▶ Task prompt
Exact copy, no pictures: repeat the data that follows.
[Exercise data — start]
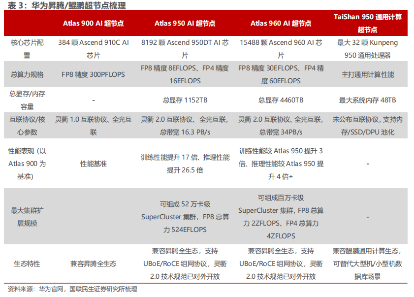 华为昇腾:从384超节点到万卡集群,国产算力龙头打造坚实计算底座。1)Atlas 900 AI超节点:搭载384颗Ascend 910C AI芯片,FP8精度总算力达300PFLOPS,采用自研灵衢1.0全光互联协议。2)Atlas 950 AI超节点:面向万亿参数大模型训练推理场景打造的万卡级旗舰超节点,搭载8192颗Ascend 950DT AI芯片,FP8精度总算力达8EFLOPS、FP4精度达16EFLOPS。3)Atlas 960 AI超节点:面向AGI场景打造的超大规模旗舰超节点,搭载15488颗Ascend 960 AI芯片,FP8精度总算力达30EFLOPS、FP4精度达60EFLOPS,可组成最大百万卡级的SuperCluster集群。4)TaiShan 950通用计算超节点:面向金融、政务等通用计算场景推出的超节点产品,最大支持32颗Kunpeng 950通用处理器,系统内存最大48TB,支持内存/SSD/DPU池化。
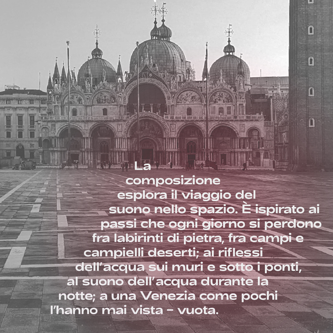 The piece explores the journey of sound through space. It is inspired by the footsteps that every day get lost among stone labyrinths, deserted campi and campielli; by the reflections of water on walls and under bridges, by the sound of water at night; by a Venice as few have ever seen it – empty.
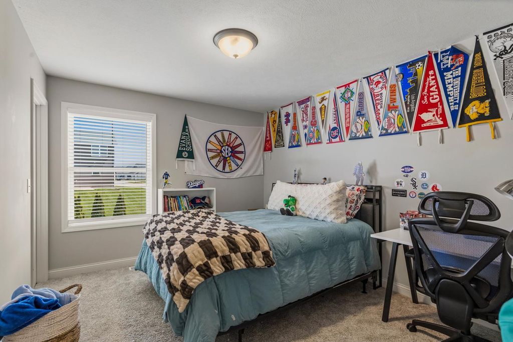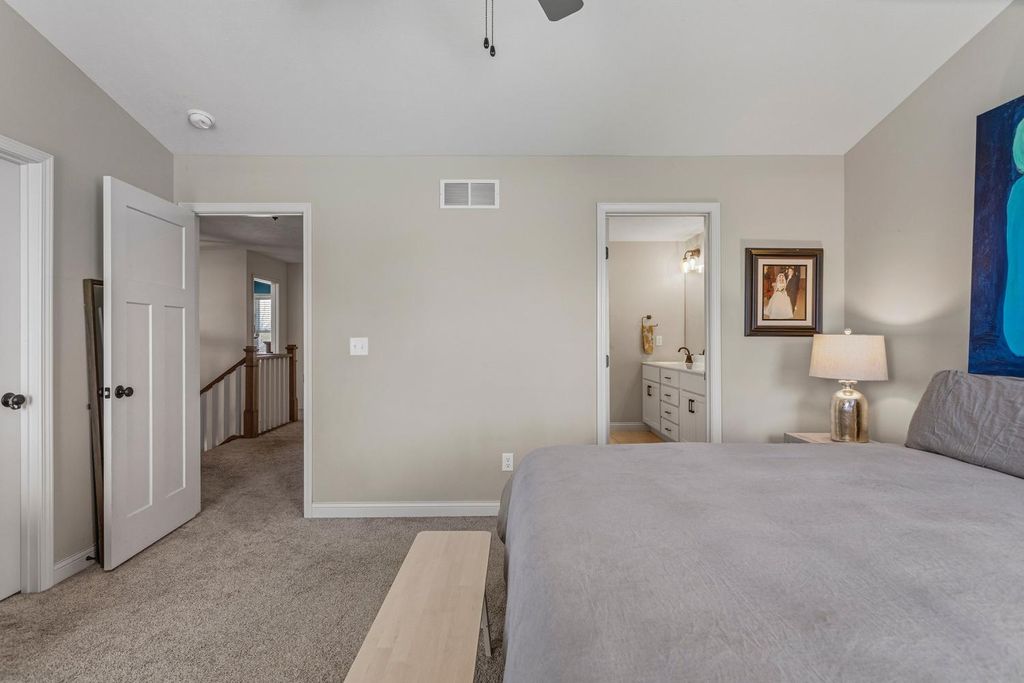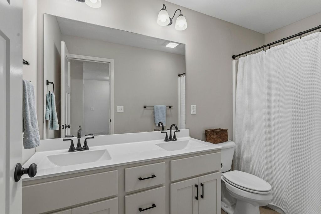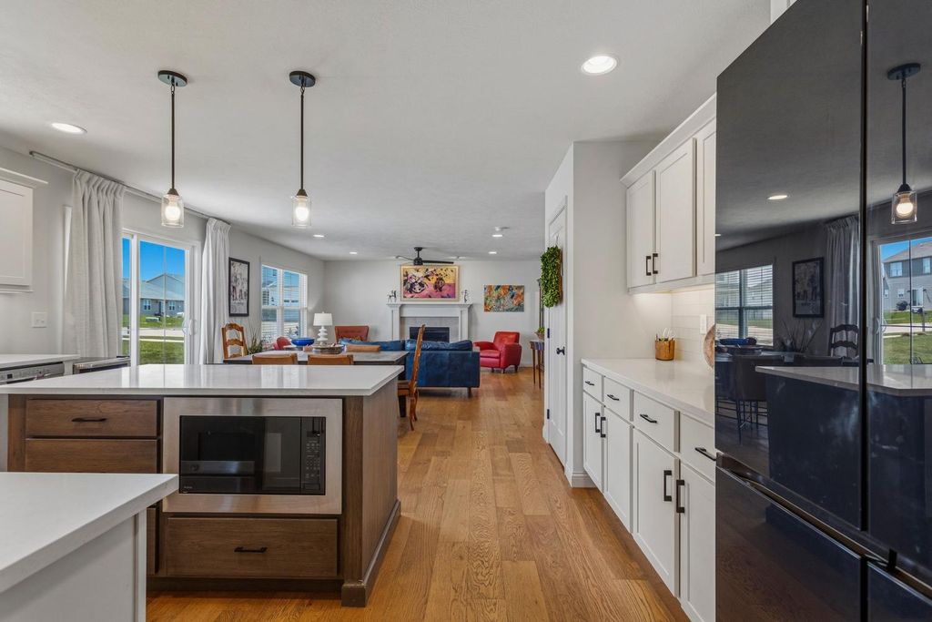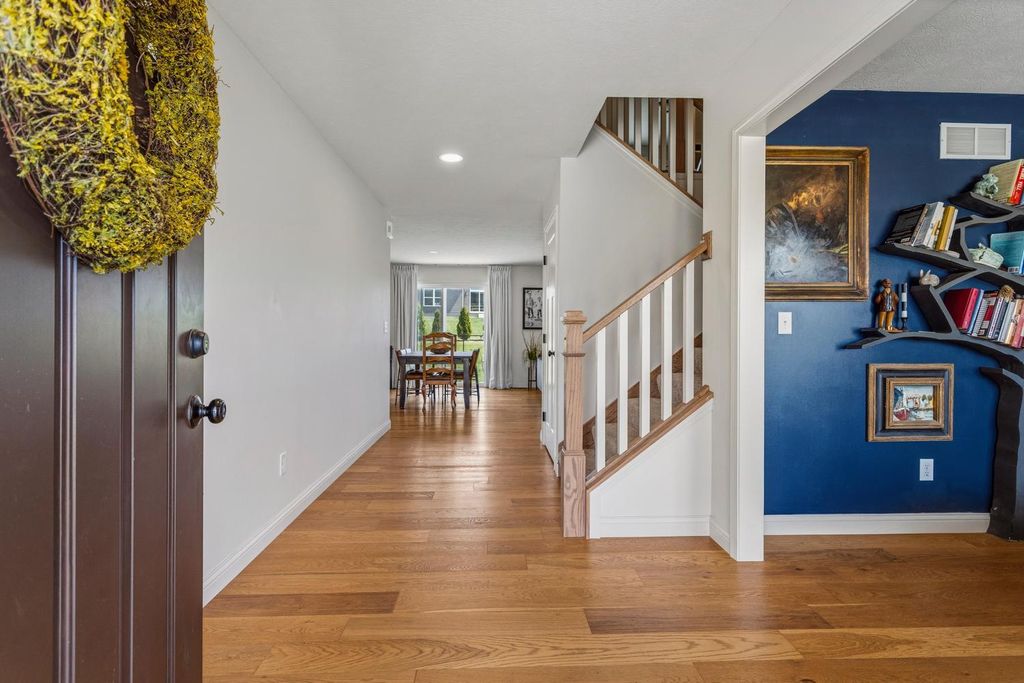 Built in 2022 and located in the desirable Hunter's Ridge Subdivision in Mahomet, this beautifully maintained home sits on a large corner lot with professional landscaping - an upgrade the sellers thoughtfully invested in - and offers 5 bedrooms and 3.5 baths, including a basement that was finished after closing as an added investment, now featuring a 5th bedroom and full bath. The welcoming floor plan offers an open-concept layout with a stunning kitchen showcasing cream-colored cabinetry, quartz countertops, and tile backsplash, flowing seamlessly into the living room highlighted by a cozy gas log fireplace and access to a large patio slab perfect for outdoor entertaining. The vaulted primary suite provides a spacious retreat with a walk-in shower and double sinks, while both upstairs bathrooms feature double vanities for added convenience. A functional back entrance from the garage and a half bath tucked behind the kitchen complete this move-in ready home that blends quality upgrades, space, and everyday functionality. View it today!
[Exercise data — finish]
▶ Output of the task
 华为昇腾:从384超节点到万卡集群,国产算力龙头打造坚实计算底座。1)Atlas 900 AI超节点:搭载384颗Ascend 910C AI芯片,FP8精度总算力达300PFLOPS,采用自研灵衢1.0全光互联协议。2)Atlas 950 AI超节点:面向万亿参数大模型训练推理场景打造的万卡级旗舰超节点,搭载8192颗Ascend 950DT AI芯片,FP8精度总算力达8EFLOPS、FP4精度达16EFLOPS。3)Atlas 960 AI超节点:面向AGI场景打造的超大规模旗舰超节点,搭载15488颗Ascend 960 AI芯片,FP8精度总算力达30EFLOPS、FP4精度达60EFLOPS,可组成最大百万卡级的SuperCluster集群。4)TaiShan 950通用计算超节点:面向金融、政务等通用计算场景推出的超节点产品,最大支持32颗Kunpeng 950通用处理器,系统内存最大48TB,支持内存/SSD/DPU池化。
 The piece explores the journey of sound through space. It is inspired by the footsteps that every day get lost among stone labyrinths, deserted campi and campielli; by the reflections of water on walls and under bridges, by the sound of water at night; by a Venice as few have ever seen it – empty.
 Built in 2022 and located in the desirable Hunter's Ridge Subdivision in Mahomet, this beautifully maintained home sits on a large corner lot with professional landscaping - an upgrade the sellers thoughtfully invested in - and offers 5 bedrooms and 3.5 baths, including a basement that was finished after closing as an added investment, now featuring a 5th bedroom and full bath. The welcoming floor plan offers an open-concept layout with a stunning kitchen showcasing cream-colored cabinetry, quartz countertops, and tile backsplash, flowing seamlessly into the living room highlighted by a cozy gas log fireplace and access to a large patio slab perfect for outdoor entertaining. The vaulted primary suite provides a spacious retreat with a walk-in shower and double sinks, while both upstairs bathrooms feature double vanities for added convenience. A functional back entrance from the garage and a half bath tucked behind the kitchen complete this move-in ready home that blends quality upgrades, space, and everyday functionality. View it today!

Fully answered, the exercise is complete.